> WORK TO BE COMPLETED
Reproduce, exactly and only, the lines of the data that follows from the one containing "今日11 月2 日星期一,台北举办反" down to the one containing "Push Button Control.", without pictures.

> MATERIAL PROVIDED
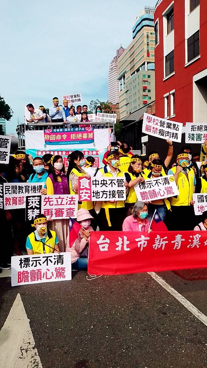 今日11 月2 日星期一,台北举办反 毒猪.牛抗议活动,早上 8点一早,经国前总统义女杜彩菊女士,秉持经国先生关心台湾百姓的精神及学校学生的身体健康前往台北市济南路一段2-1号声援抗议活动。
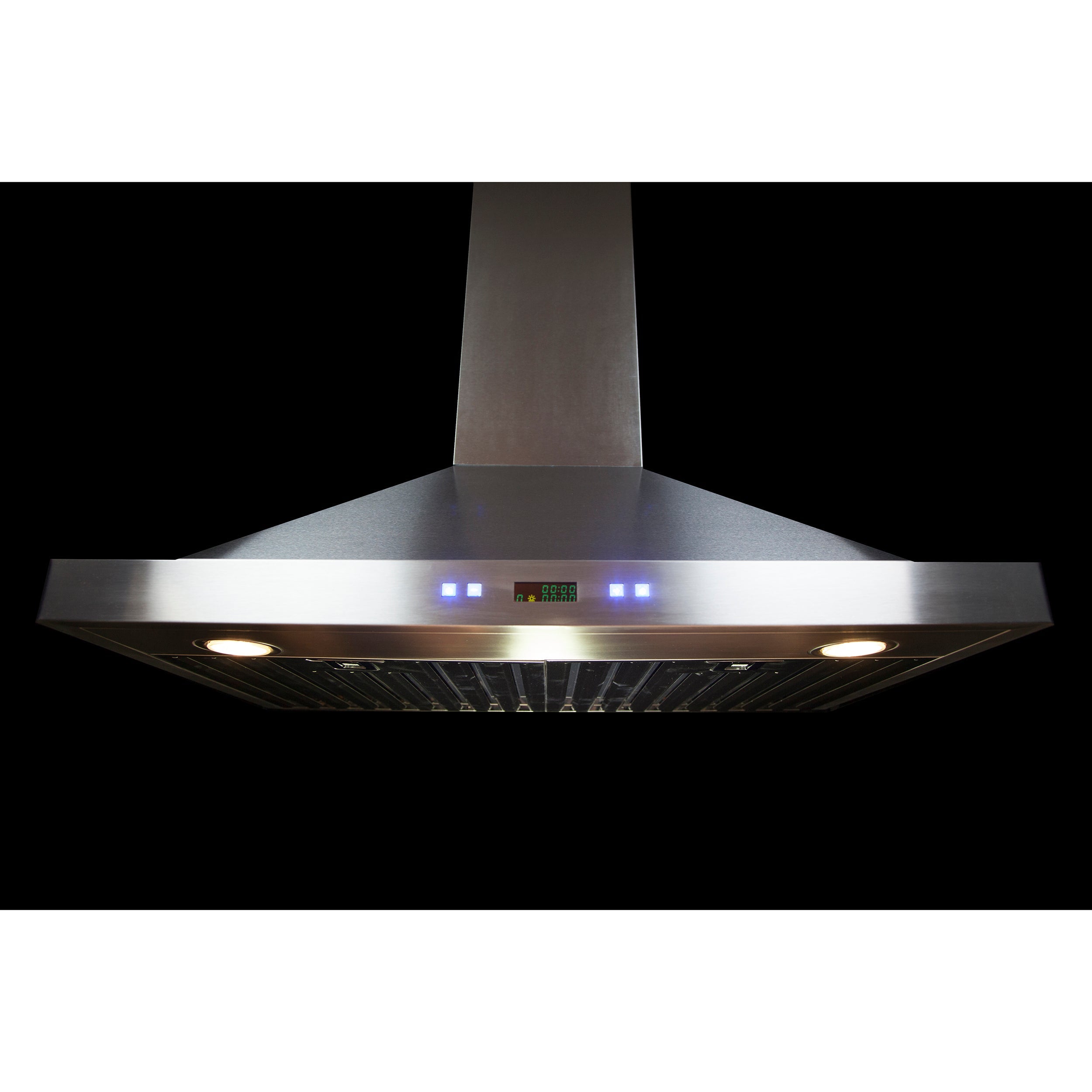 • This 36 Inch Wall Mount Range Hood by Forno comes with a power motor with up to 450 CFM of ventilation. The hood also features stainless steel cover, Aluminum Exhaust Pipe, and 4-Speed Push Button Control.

---

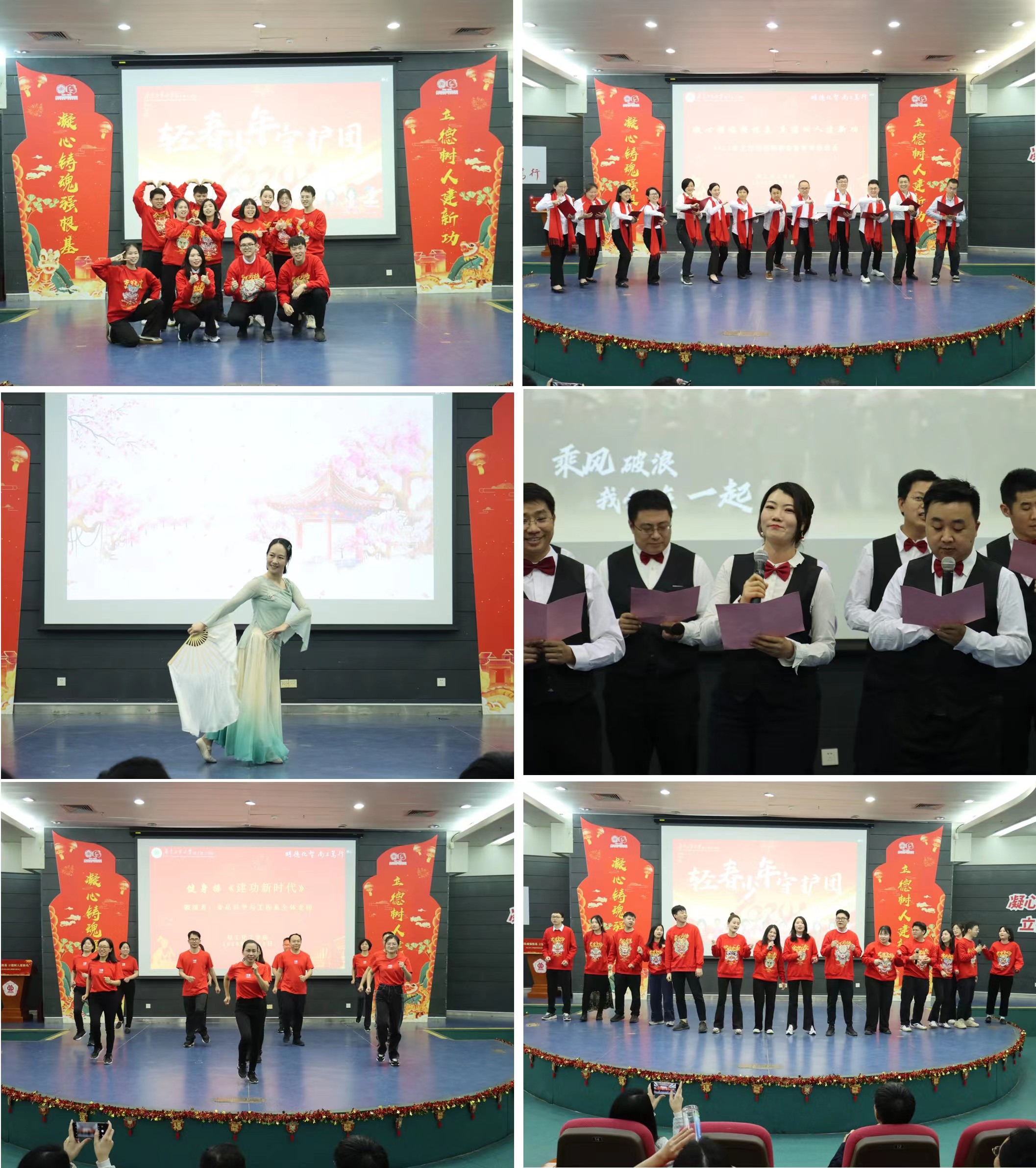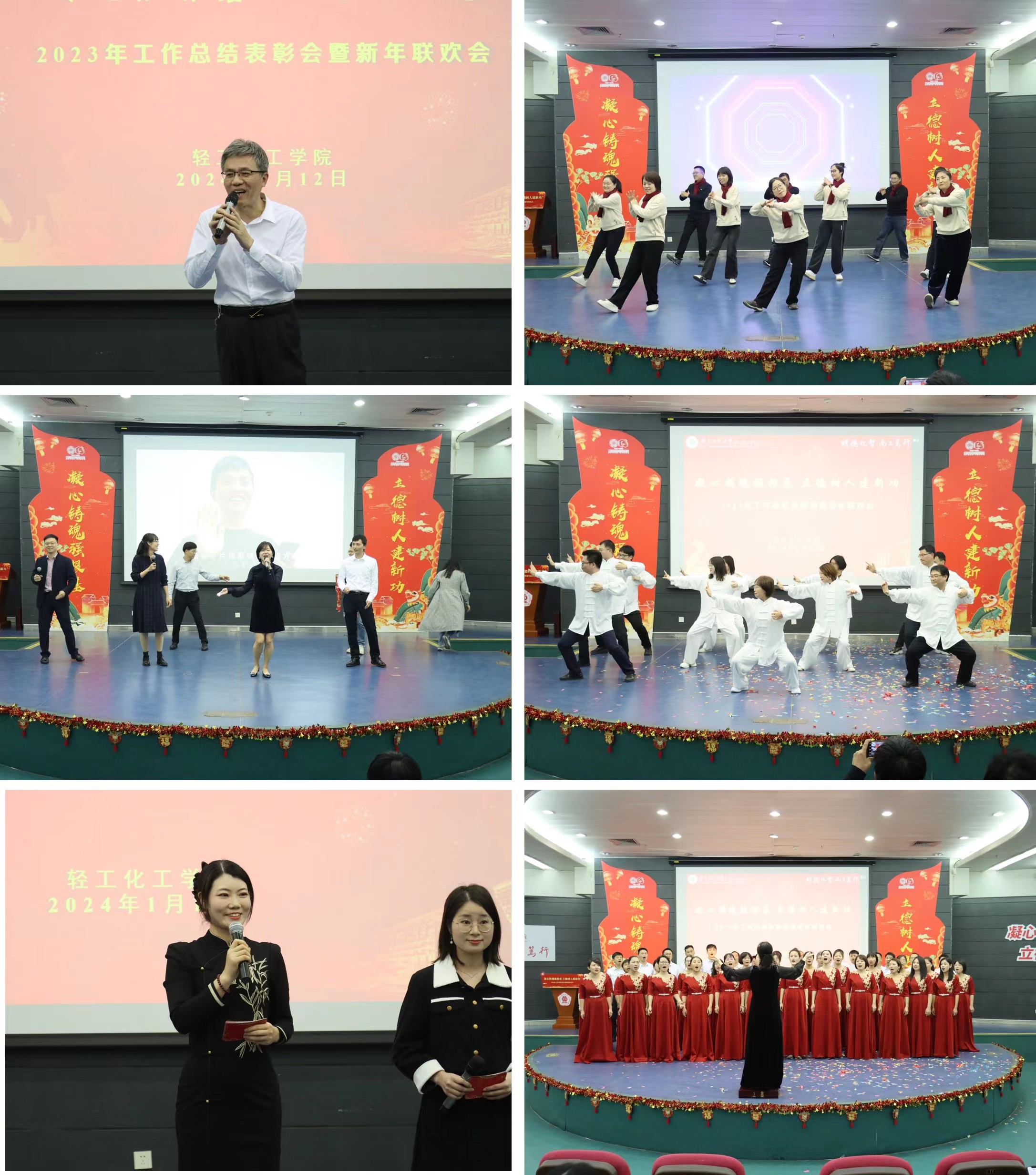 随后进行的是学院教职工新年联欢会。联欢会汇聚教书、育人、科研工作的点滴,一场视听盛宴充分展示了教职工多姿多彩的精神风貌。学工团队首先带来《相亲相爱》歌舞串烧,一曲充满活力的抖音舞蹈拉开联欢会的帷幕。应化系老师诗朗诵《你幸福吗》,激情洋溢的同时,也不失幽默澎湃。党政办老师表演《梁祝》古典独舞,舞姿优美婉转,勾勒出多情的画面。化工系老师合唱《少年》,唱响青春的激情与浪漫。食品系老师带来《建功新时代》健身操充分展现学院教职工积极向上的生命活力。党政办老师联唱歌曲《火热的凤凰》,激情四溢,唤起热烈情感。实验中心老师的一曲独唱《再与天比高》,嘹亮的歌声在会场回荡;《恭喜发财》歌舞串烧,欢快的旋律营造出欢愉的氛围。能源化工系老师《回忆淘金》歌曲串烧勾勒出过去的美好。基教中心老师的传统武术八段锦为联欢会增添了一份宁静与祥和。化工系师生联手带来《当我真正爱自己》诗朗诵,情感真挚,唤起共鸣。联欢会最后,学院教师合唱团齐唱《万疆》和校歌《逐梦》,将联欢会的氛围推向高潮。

> WRITTEN ANSWER
 今日11 月2 日星期一,台北举办反 毒猪.牛抗议活动,早上 8点一早,经国前总统义女杜彩菊女士,秉持经国先生关心台湾百姓的精神及学校学生的身体健康前往台北市济南路一段2-1号声援抗议活动。
 • This 36 Inch Wall Mount Range Hood by Forno comes with a power motor with up to 450 CFM of ventilation. The hood also features stainless steel cover, Aluminum Exhaust Pipe, and 4-Speed Push Button Control.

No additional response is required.